He doesn't have the best feet in the world though my farrier has done a superb job in improving them over the last couple of years. I started feeding MagOx in April last year which has really helped - my farrier asked what "expensive supplements" I'd been feeding to improve his feet as they are so much better now than they were, but the only change has been the addition of MgO. I would like to improve the quality of his feet before I take his shoes off, by which I mean I want to ensure I am feeding correctly and in a way that will help to improve the horn quality. I did post in the Stable Yard last night to ask how much of every vit/min a horse needs but I think that was the wrong question, so... those of you who have barefoot horses who work reasonably hard, can I ask you how you would feed to improve his feet? Various supplements/additions to his diet have been suggested but I have had such a wide variety of products and quantities mentioned that I'm hoping I may be able to get a majority vote on here :) Seeing what a big difference including MgO in his diet has made to his feet must hopefully mean that if I further optimise things, the horn quality should continue to improve...

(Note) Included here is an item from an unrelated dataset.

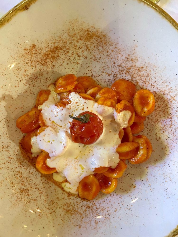 La tradizione si innova, ma senza stravolgersi in Come una lasagna, orecchiette tradizionali fatte a mano, cotte anch’esse nell’acqua di mare, condite con semplice e goloso sugo di pomodoro, crema di burrata affumicata, olio al basilico e polvere di pomodoro rosso. La sensazione in bocca è quella della lasagna della domenica, ma in chiave salentina.

His usual feed is just a Stubbs scoop of Dengie Hifi and 1/4 Stubbs scoop of High Fibre Nuts, split between am and pm feeds. He also gets 1.5 scoops of JointFX (joint supp containing glucosamine, MSM, chrondroitin, rosehips, curcumin, plus lots of other anti inflam/arthritic supps) and MgO. It has been suggested to me that I add seaweed, linseed and Brewer's Yeast. When the two Dengie feeds run out then I am happy to exchange these for something like unmolassed sugar beet, so he has something to carry the supplements in (having searched previous posts on a similar topic, a lot of people seemed to suggest the latter).

What else, if anything, would you add to this diet to ensure he gets the nutrients required for good horn growth? What quantities would you feed? I don't want to feed too much of anything - a reply to my post last night mentioned feeding too much seaweed can be potentially harmful. It has been suggested that I have my forage analysed but our forage varies an awful lot between batches/suppliers (not from a consistent source and we never get two bales the same, even from the same supplier) so I don't think that would help much...

Thanks :) BTW I do realise I'm doing a great job of making myself look incredibly neurotic here but I promise I'm actually not! I'm just interested in what others would do. ATM I'm simply just feeding a small amount of them all and will continue to do so until I can decide what the right amounts are!
 
I'd personally not give sugar beet. Try speedi-beet instead. You want to keep sugar in your horses diet to a minimum. I give my horse seaweed but introduce it gradually as it takes some horses a while to get used to the taste.
 
i feed exactly what i fed when shod! leisure mix sugarbeet (molassed) and chaff. He's 32 and still going strong so i must be doing something right:D
 
I'd personally not give sugar beet. Try speedi-beet instead. You want to keep sugar in your horses diet to a minimum. I give my horse seaweed but introduce it gradually as it takes some horses a while to get used to the taste.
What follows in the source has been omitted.